Monday, August 25, 2014

Are disputes in s. 397-398 petitions capable of being referred to arbitration?



A learned Single Judge of the Bombay High Court recently considered (in Rakesh Malhotra v. Rajinder Malhotra) the question of whether disputes before the CLB under ss. 397-398 and 402 of the Companies Act, 1956 are capable of being referred to arbitration. 

Patel J. concluded that having regard to the nature and source of the powers of the CLB, disputes in petition properly brought under ss. 397-398 are not capable of being referred to arbitration. His Lordship clarified that mala fide, vexatious, oppressive or “dressed up” petitions can be so referred. In other words, in petitions under ss. 397-398 read with s. 402, “… it is not enough for an applicant seeking a reference to arbitration merely to show that there exists an arbitration agreement. He must, in addition, establish before the CLB that the petition is mala fide, vexatious, and ‘dressed up’ and that the reliefs sought are such as can be resolved by a private arbitral tribunal…” 

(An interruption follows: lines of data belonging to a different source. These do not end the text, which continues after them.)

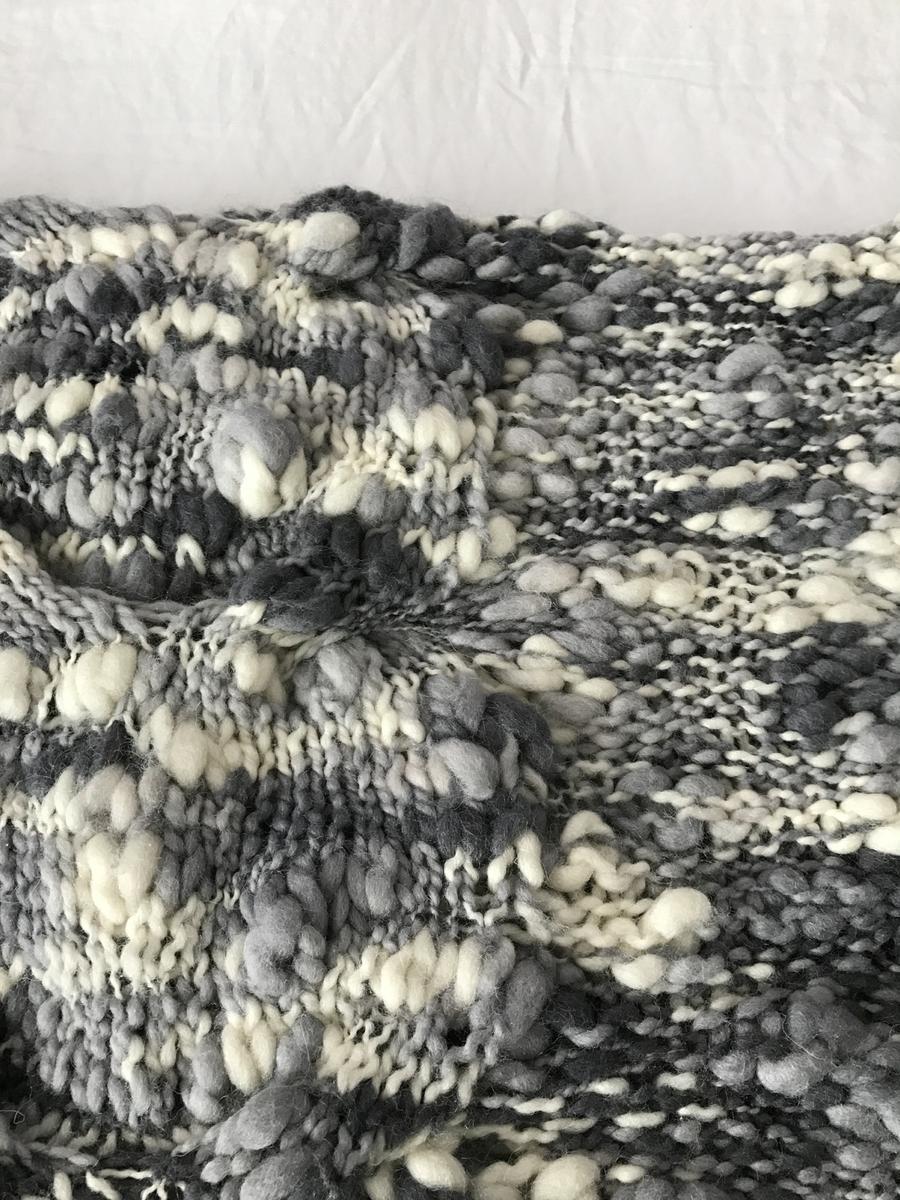 Sobre uno de los sillones de color blanco, se colocó una manta en color gris, con los bordes tejidos en punto arroz, y en el centro rectángulos en punto jersey.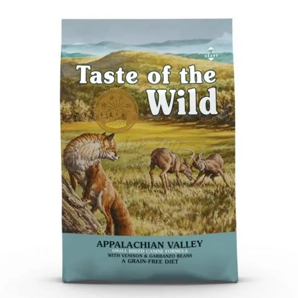 TASTE OF THE WILD Appalachian Valley je kompletné krmivo vo forme granúl, určené pre dospelých psov malých plemien.  Krmivá tejto značky sú ocenené najvyšším možným hodnotením kvality organizácie Dog Food Analysis.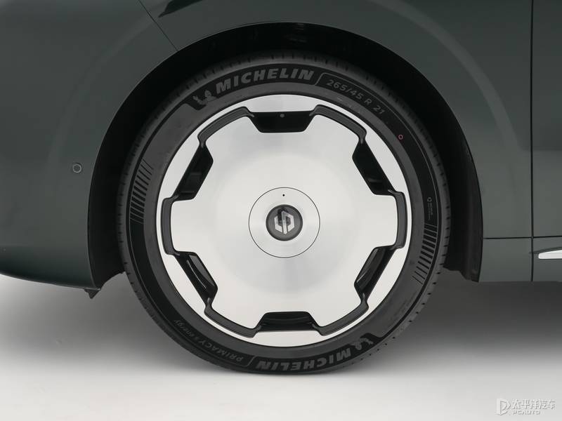 车身侧面设计简洁91快牛,搭配隐藏式车门把手.新车前后侧翼子板微宽出车体,前翼子板上镶嵌有摄像头硬件,轮拱内则搭配 21 英寸向往之境轮毂及米其林高性能静音轮胎。车身提供松谷绿、液态银、金属黑、天幕灰、光电白五种颜色选择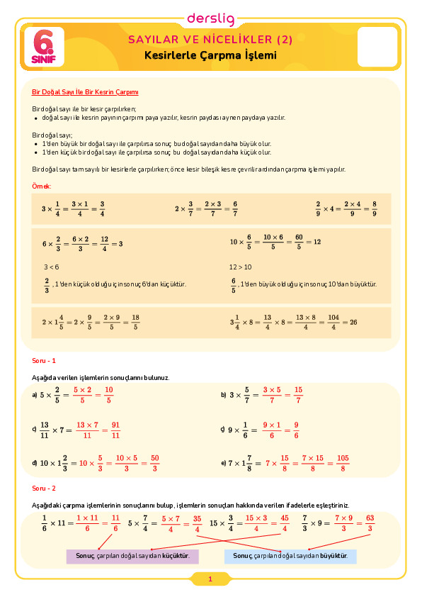 6. Sınıf 1. Tema 1. Konu Özeti(Bir Doğal Sayının Çarpanları ve Katları) Cevap Anahtarı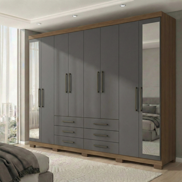 Guarda Roupa Casal com Espelho e Pés 8 Portas e 6 Gavetas Master Jatoba/Grafite

The Court noted that there was a difference between what a civil court could do in a derivative action or shareholder action, and what a specially empowered authority such as the CLB can do. The powers in s. 402(a) to (g) were held to be of such expansive nature that no arbitral tribunal could be called upon to exercise such powers. It was argued before the Court that (a) the CLB always has the power to refer parties to a civil suit, and (b) in a civil suit, disputes within the ambit of an arbitration clause would necessarily have to be referred to arbitration, therefore (c) actions before the CLB were also referable to arbitration. This argument was not accepted; with the learned Single Judge characterizing the argument as an example of the fallacy of the undistributed middle. The learned Single Judge placed reliance on Sukanya, Booz Allen, Haryana Telecom and Bennett Coleman

It was further argued that in case the CLB finds that a petition before it is vexatious and ‘dressed up’, the only solution would be the dismissal of that petition. This argument was also rejected. It was held that what is not referable is a dispute properly within the ambit of s. 397-398 r.w.s. 402: however, if a petition is filed before the CLB which is ‘dressed up’ as an oppression/mismanagement petition to avoid an arbitration clause, that petition can be referred to arbitration and need not be dismissed outright. 

The judgment is available here.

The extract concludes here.